ミカサたち訓練生の前に、エリアスとアーサーが現れた。

「ようやく見つけたよ」
「反対側でしたね」

「…エリアス分隊長…」

突然現れた兵士に、訓練兵たちは騒ぎ出した。

「だ…誰?」
「分からない。駐屯兵団の先輩たち…ではなさそうだね」
「…てか男…?」
「…人形みたい…」
「綺麗すぎて怖い…」

好き勝手に話している訓練兵を無視して、ユウヤとアーサーは話を進めた。

「あれは…補給室に巨人が群がってるんだね」
「…そうですね。ガスが補給できず、壁が登れないという状況ですね」
「…そうか…」

エリアスは補給室を指さした。

「…1人何体かな」
「…7体くらいですか」
「いやー…きついな」
「…やるしかないですよ、エリアス分隊長」
「そうだね」

周りの訓練兵に目もくれず、エリアスとアーサーは会話を続けていた。
しかし、そこにジャンが割り込んだ。

「あの…あんたたち、誰ですか?」
「あぁ、そうか…また自己紹介をするのを忘れていたね」
「そうでしたね」

エリアスはジャンや訓練兵のみんなに聞こえるように、少し大きめの声で言った。

「調査兵団所属、エリアス・ホワイトだ」
「同じく調査兵団所属、エリアス分隊長の分隊長補佐、アーサー・ペンです」
「一日に2回も自己紹介するとはね」
「そんな日もあります」

「調査兵団!?なんで!壁外調査から戻ってきたんですか!?」
「いや、俺達はお留守番組」

ジャンは目を輝かせたが、その後のエリアスの言葉に、再び絶望した。

「この人たちは、調査兵団でも優秀な人たち…だから力を合わせれば勝てる…」
ミカサはエリアスの隣に並んだ。

「そうですよね?エリアス分隊長」
「…そうだね。
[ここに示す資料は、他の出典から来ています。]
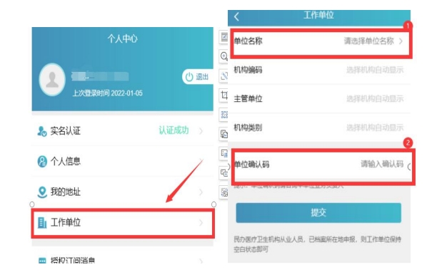 (一)实名认证完成后,需要绑定个人的工作单位,点击“工作单位”进行单位确认。在“单位名称”处搜索单位名称,点击正确单位名称,填写单位确认码即完成工作单位认证;

戦わなければ勝てない。ここにいても負けるだけだ」

エリアスは全員を見渡した。

「出来る限りサポートするから、みんなも頑張れそうかい?」
「「「…はい…」」」
「いい返事だ」

タンタンタン

「あ、おいこらミカサ!」

ミカサはエリアスの言葉を無視して、走りだした。

「アーサー、周りの状況を見て、サポートを頼んだ」
「かしこまりました」
エリアスはミカサを追いかけた。

「オイ!俺達は仲間に1人で戦わせろと学んだか!?」
いつまでも動かない訓練兵に向かって、ジャンは叫んだ。

「お前ら!本当に腰抜けになっちまうぞ!!」

「そいつは心外だな…」
「…」
「…はぁ…」

ドオオオオ

ライナー、アニ、ベルトルト、マルコはミカサとジャンの後に続いた。

「や、やい!腰抜けー弱虫ーアホー…」

「あいつら…」
「ちくしょう…やってやるよ…!」

「「「うおおおおおおおお」」」

訓練兵が一斉に補給室を目指した。